NVIDIA Boasts “World’s Most Advanced Chip” in Latest Tensor Core GPU

Taking aim at creating a future supercomputer, NVIDIA has created a new H100 Tensor Core graphics processing unit (GPU) leveraging its latest architecture, Hopper.

News March 25, 2022 by Jake Hertz

Thanks to its GTC conference, NVIDIA has pumped out a plethora of newer technology, like the Grace central processing unit (CPU) "Superchip" and Hopper architecture.

Still, amongst all of the releases, one that may stand out the most is the company's newest GPU, the H100.

The H100 Tensor Core GPU.

The H100 Tensor Core GPU. Image used courtesy of NVIDIA

In this article, we'll look at the new H100 Tensor Core GPU from NVIDIA to see how it works, what it offers, and how it could impact the industry.

NVIDIA's Tensor Core H100 GPU

Arguably the crowning achievement for NVIDIA at this year's GTC Conference was the release of its new H100 Tensor Core GPU.

The H100 is NVIDIA's first GPU built off of its new Hopper architecture, and, as such, NVIDIA is calling it the "World's Most Advanced Chip."

Built off a cutting-edge TSMC 4N process, the new GPU integrates 80 billion transistors into a single die. Designed for scale-up and scale-out infrastructures, the new GPU prioritizes bandwidth and data rates for networking, chip-to-chip communication, and I/O.

To this end, the new GPU claims to support 40 TB/s of I/O bandwidth and 3 TB/s of memory bandwidth, largely due to H100 being the first GPU to support PCIe Gen5 as HBM3.

CEO Jensen Huang explains, "Twenty H100 can sustain the equivalent of the entire world's internet traffic."

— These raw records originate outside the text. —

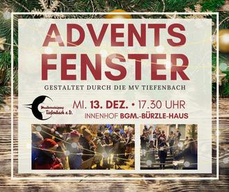 Mit musikalischer Umrahmung durch die Flötenkinder, Jungmusiker und Musiker eröffnet die Musikvereinigung Tiefenbach am Mittwoch 13.12., um 17.30 Uhr, im Innenhof des Bgm.-Bürzle-Hauses ihr Adventsfenster. In weihnachtlicher Atmosphäre freuen wir uns bereits heute ganz besonders auf die musikalischen Darbietungen.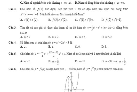 + Đường cong trong hình dưới đây là đồ thị của một trong bốn hàm số được liệt kê ở bốn phương án A, B, C, D. Hỏi hàm số đó là hàm số nào?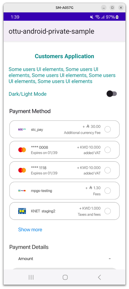 flutter runIf all configurations and dependencies are correctly set, the app should build successfully and display the Ottu Checkout Widget.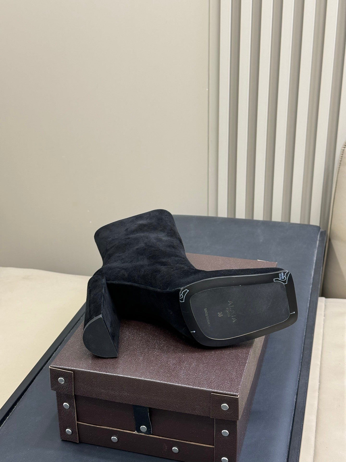 ALAIA 25S ANKLE HIGH-HEELED BOOTS IN BLACK SUEDE
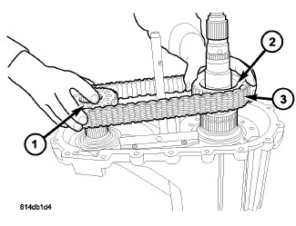 36. Install the front drive sprocket (1), mainshaft drive sprocket (2), and drive chain (3) as one.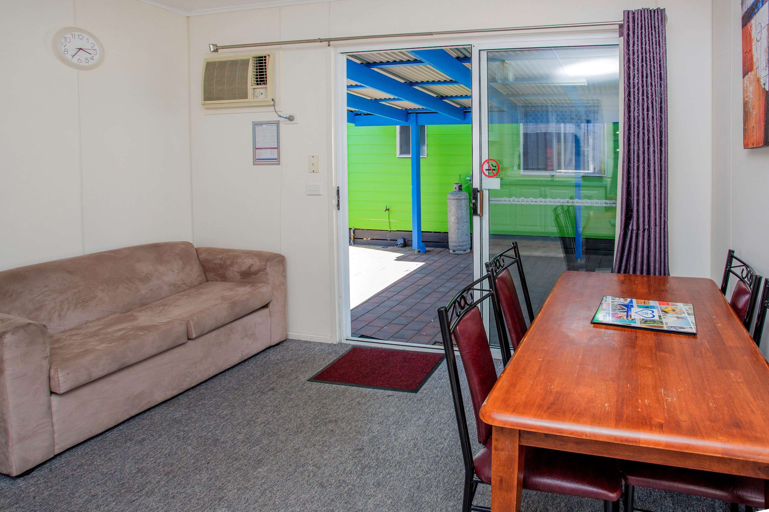 Ideal for travelling with your family, these cabins provide private living and sleeping areas. With either a queen or double bed in the main bedroom, and a double bed with optional wall bunk or single bunks in the second bedroom. A full kitchen, outdoor setting and bathroom give you a home away from home feeling. Your furry friends are welcome to join you in this accommodation.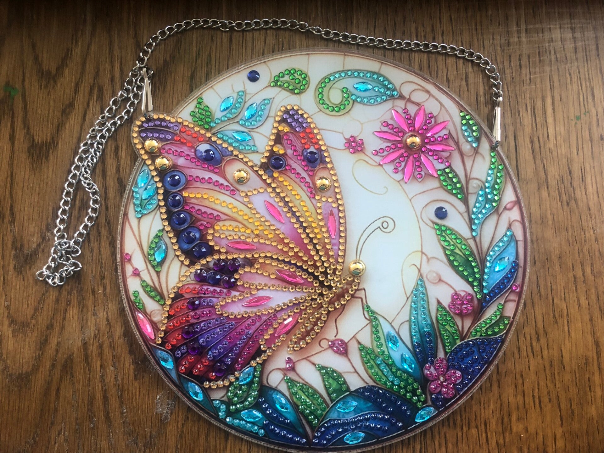 Fensterbild Schmetterling rosa mit Blumen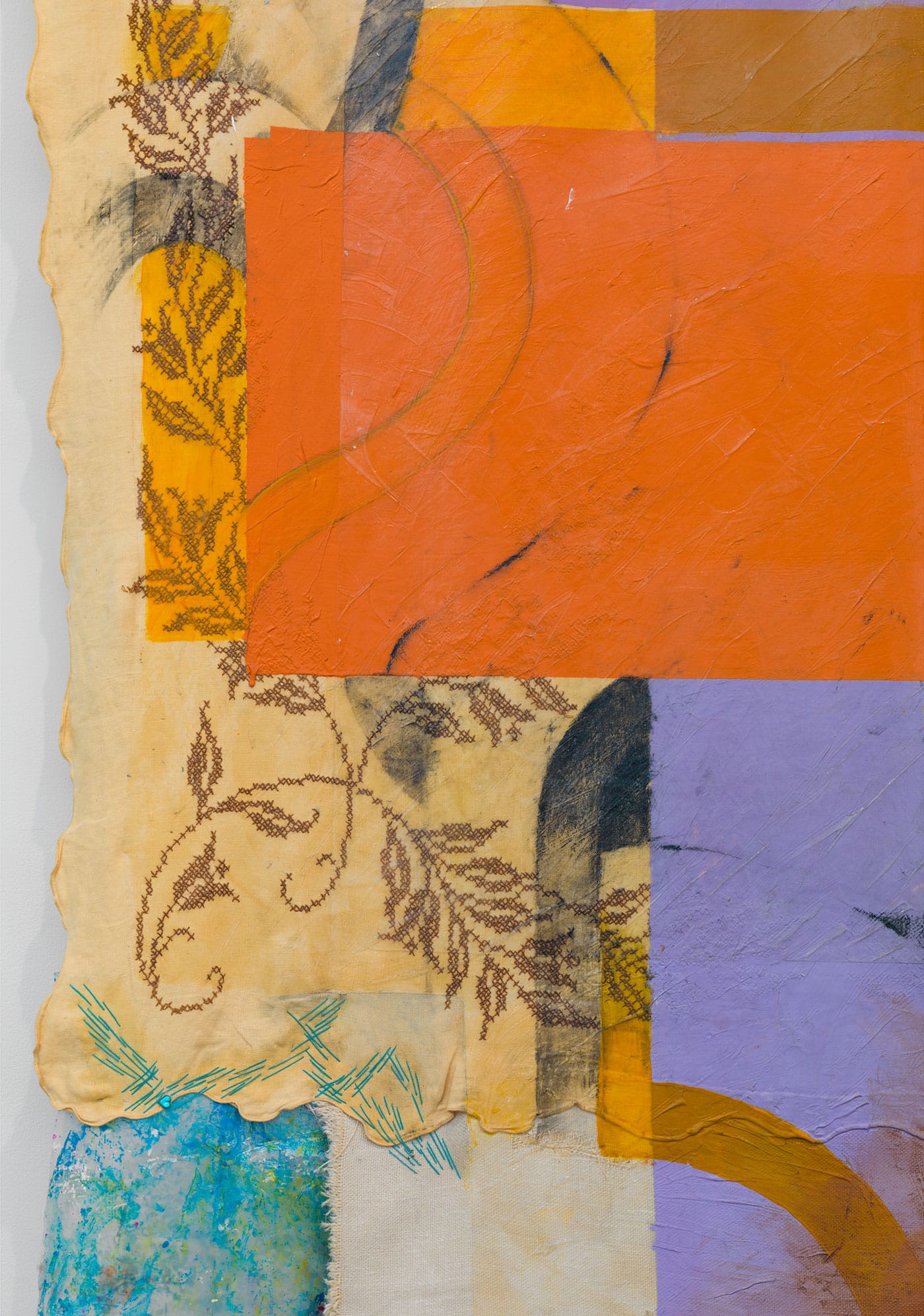 TJ: Marshall and the LDF were the first legal team to use photography as a key element of their strategy. I use photography and printmaking to weave documentation of Brown-related cases with contemporary imagery of human rights abuse and advocacy. I turn photographs into halftone line images for printing. This allows me to use printmaking to draw into my paintings with cross-hatched lines. The photographic image serves to introduce graphic color into the painting ground. It formally comes back to the discipline of drawing. I love when things emerge over time, like moments that differentiate the treated and raw gauze or when a cluster of cross-hatched lines, embroidered or printed, reveals a courtroom scene.

Thanks to a series of new Hopper architecture improvements, the H100 is also a workhorse for AI applications. Specifically, the GPU is capable of 4 PFLOPs of FP8 and 2 PFLOPs of FP16, marking a 6x and 3x improvement over Ampere GPUs, respectively.

NVIDIA said that when training models such as Mixture of Experts, H100 enabled 9x faster training than previous technologies.

DGX H100 Systems

To deploy the H100 GPU, NVIDIA also announced its fourth-generation DGX system, dubbed DGX H100.

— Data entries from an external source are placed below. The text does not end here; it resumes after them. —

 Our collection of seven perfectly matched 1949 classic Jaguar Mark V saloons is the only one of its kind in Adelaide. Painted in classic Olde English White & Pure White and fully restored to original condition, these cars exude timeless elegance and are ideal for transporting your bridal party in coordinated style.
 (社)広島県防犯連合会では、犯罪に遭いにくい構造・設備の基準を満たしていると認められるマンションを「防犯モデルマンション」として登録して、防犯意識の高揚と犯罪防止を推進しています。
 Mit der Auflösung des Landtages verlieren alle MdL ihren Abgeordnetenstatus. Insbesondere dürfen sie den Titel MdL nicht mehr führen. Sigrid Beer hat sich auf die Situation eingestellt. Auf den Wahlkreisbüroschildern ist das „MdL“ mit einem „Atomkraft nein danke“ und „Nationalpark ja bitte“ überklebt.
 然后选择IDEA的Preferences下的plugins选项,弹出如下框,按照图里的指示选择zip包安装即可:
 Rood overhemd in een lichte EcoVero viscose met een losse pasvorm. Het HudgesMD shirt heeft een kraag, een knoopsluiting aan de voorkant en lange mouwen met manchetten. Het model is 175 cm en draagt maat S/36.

DGX H100 systems are equipped with eight H100 GPUs, each connected with NVIDIA NVLink interconnect technology.

In this configuration, DGX H100 can achieve 32 petaflops at FP8, scaled up even further with the DGX POD and DGX SuperPOD systems. These can then connect a series of DGX H100 nodes through NVIDIA's new NVLink Switch System.

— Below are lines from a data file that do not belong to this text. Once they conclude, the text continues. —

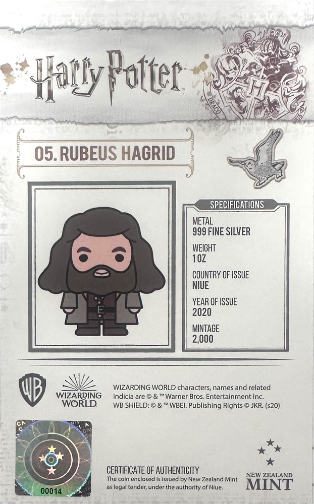 2 Dollars 2020, Rubeus Hagrid, Harry Potter, Ag (999/1000, 1 oz, in original packaging.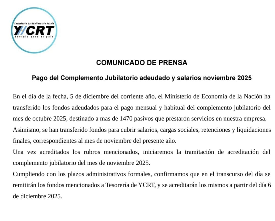 En el día de la fecha, 5 de diciembre del corriente año, el Ministerio de Economía de la Nación ha transferido los fondos adeudados para el pago mensual y habitual del complemento jubilatorio del mes de octubre 2025, destinado a mas de 1470 pasivos que prestaron servicios en nuestra empresa.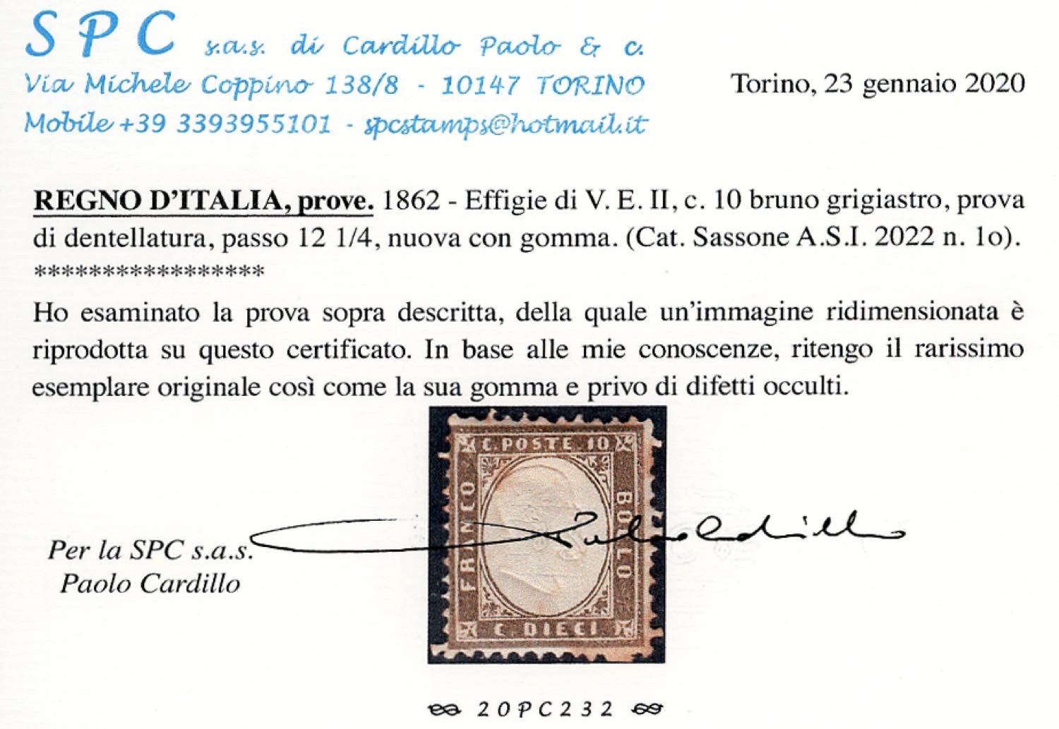 1862 - 10 cent. bruno grigiastro, dentellatura di prova 12 1/4 eseguita dalla tipografia Susse (1o), gomma originale, difetti. Raro. Cert. Cardillo. (cat.Sassone € 12.000 come difettoso).

The DGX SuperPOD can connect up to 32 nodes, equaling 256 H100 GPUs, to achieve one exaflop of FP* AU Performance.

Rendering of a fourth-generation DGX system.

Rendering of a fourth-generation DGX system. Image used courtesy of NVIDIA

To top it all off, NVIDIA plans to use its DGX SuperPODs to build the world's fastest AI Supercomputer.

A high-level comparison of SuperPODs between the DGX A100 and DGX H100.

A high-level comparison of SuperPODs between the DGX A100 and DGX H100. Screenshot used courtesy of NVIDIA [downloadable whitepaper]

Dubbed the NVIDIA Eos, the supercomputer will combine 576 DGX H100 systems, totaling 4,608 H100 GPUs.

Altogether, NVIDIA anticipates this supercomputer reaching 18.4 exaflops of aI compute, a number which is 4x faster than the next closest AI supercomputer.

H100 Deployment

NVIDIA is undoubtedly raising the bar this year by shattering its previous best performances and even setting some world records along the way. Yet, more impressive than the technology itself is the response that it's getting from the industry.

According to NVIDIA, companies including Atos, BOXX Technologies, Cisco, Dell Technologies, Fujitsu, GIGABYTE, H3C, Hewlett Packard Enterprise, Inspur, Lenovo, Nettrix, and Supermicro have already shown support for the H100 GPU and the Hopper architecture and plans to be deploying it into its servers in the coming years.